But saying you're remorseful is not a part of alignment, or screaming "NOOOOOOOOOO!" until the camera zooms out until you can see the village then the whole country, or yelling "By Grabthar's Hammer, I will avenge you!". And if you open the door to we telling the DM how our characters feel, what's stopping me from telling him every 5 seconds what my character feels to the point of hindering gameplay?

I swear, I'm perfectly prepared to do that!

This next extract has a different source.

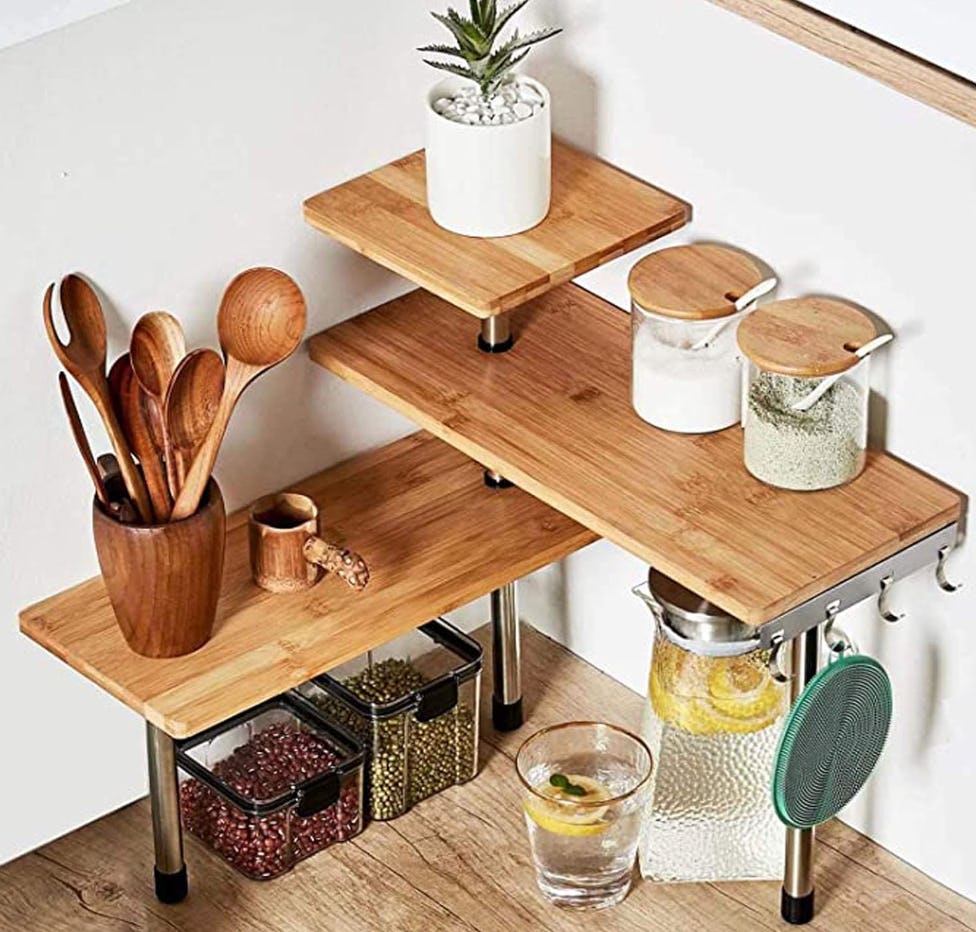 Make the most of the space in your cabinets (or on your counters) with this expandable shelf. It can extend from 16 to 26 inches long and is sturdy enough to hold 22 pounds of spices, cans, plates, and more. Buy a few and stack them to store even more.

DM: You arrive at an old crypt, the moon casts creepy shadows all over.
Me: My character feels a deep sense of foreboding!
DM: Cool. So, you enter, right? The door creaks showing its ancient age.
Me: My character feels shivers all over his spine! Also, he remembers the days when, as a kid, he used to play in the graveyard in his home town. This fills him with a deep sense of nostalgia!
DM: Yeah, fine. Well, the corridor is dry and you can hear the echo of your own footsteps. There are cobwebs-
Me: My character remembers when he used to put dead spiders in the hair of his little school friends! This gives him a deep sense of jollyness as he suppresses a chuckle!
DM: ALRIGHT. So, there's a carving of a face.
Me: My character loves faces! Faces give him deep sense of optimism, thinking about all the faces he's seen over a lifetime of-
DM: SHUT UP ABOUT ABOUT YOUR FEELINGS! DAMN I DON'T CARE ABOUT WHAT YOUR CHARACTER FEELS!
Me: DEEP SENSE! DEEP SENSE! DEEP SENSE!

I must make sure the DM doesn't think my character is an evil unfeeling automaton and change my alignment!
« Last Edit: March 17, 2015, 11:45:05 pm by Sergius »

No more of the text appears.